Oxidative Potential of Indoor Particulate Matter Collected During Campaigns in the UK, Slovenia, and Sweden

The health effects of particulate matter (PM) are well-documented, with long-term exposure to elevated concentrations of respirable PM linked to increased risks of respiratory conditions such as allergic reactions, lung inflammation, and asthma. A key contributor to these health effects is the oxidative stress induced by PM, stemming from heavy metals and the generation of reactive oxygen species (ROS).

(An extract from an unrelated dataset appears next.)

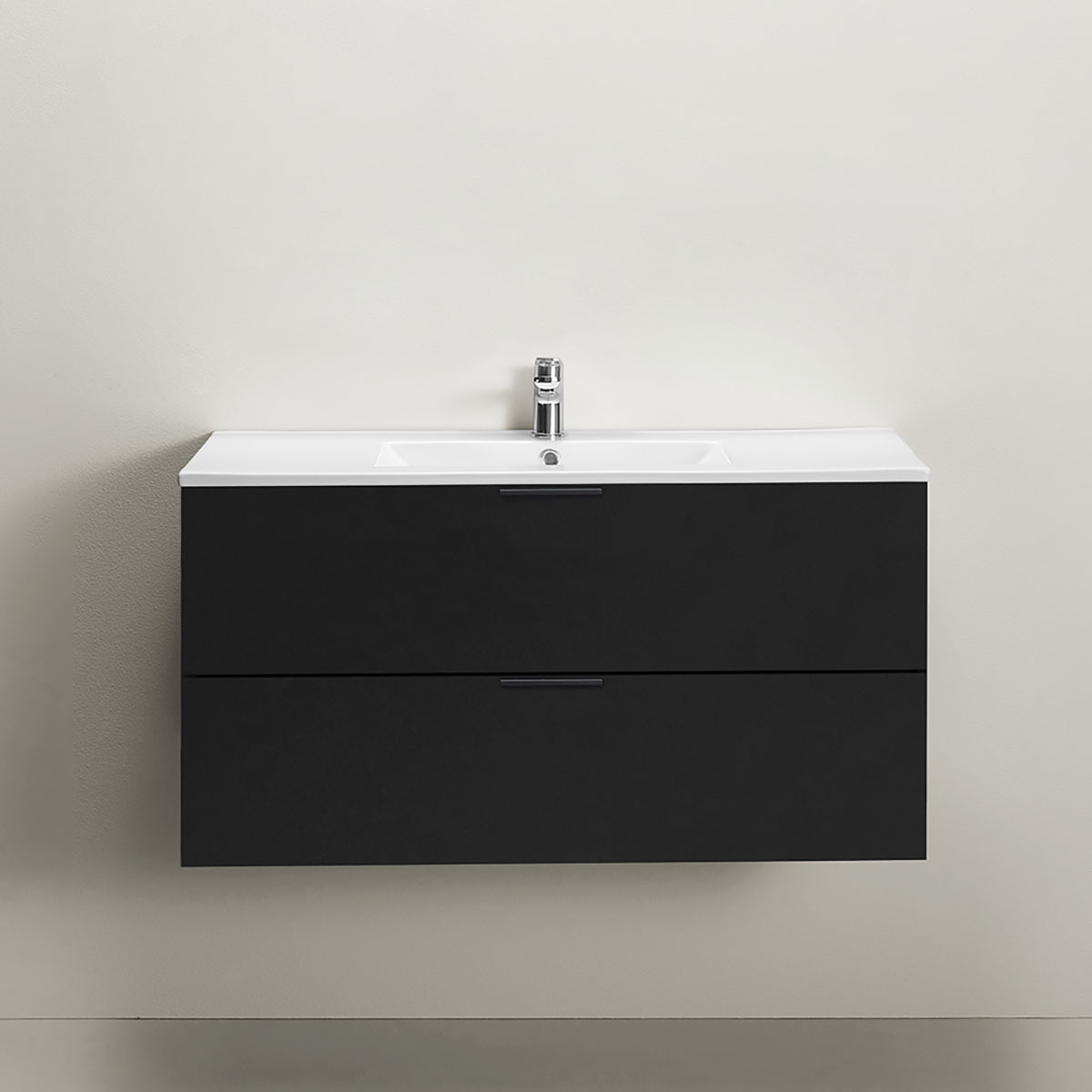 Hafa Go tvättställsskåp med porslinstvättställ är praktiska och stilrena badrumsmöbler med släta fronter och möjlighet för dig att sätta din stil genom att komplettera med något av våra handtag. Två mjukstängande lådor med fullutdrag ger bra överblick över innehållet.

In this study, we measured the oxidative potential (OP) of respirable dust and inhalable PM collected from households in Slovenia, Sweden, and the UK as part of the international INQUIRE project on air quality. Samples were collected using active samplers, and OP was assessed using a simulated epithelial lung fluid (SELF) model, following established protocols. Quantitative mass spectrometry was employed to determine the depletion rates of key lung antioxidants, including glutathione, cysteine, and ascorbic acid, alongside the accumulation of glutathione dimer.

Our results revealed statistically significant higher antioxidant depletion rates in experiments with PM compared to control samples. To elucidate the underlying mechanisms, we measured the concentrations of soluble heavy metals and analyzed water-soluble organic matter (WSOM) from both coarse and fine PM fractions using high-resolution mass spectrometry. Correlations between the relative abundance of organic constituents and antioxidant depletion rates highlighted the role of specific organic compounds in driving oxidative potential.

These findings underscore the need for targeted intervention strategies to mitigate the health risks associated with PM-induced oxidative stress in indoor environments.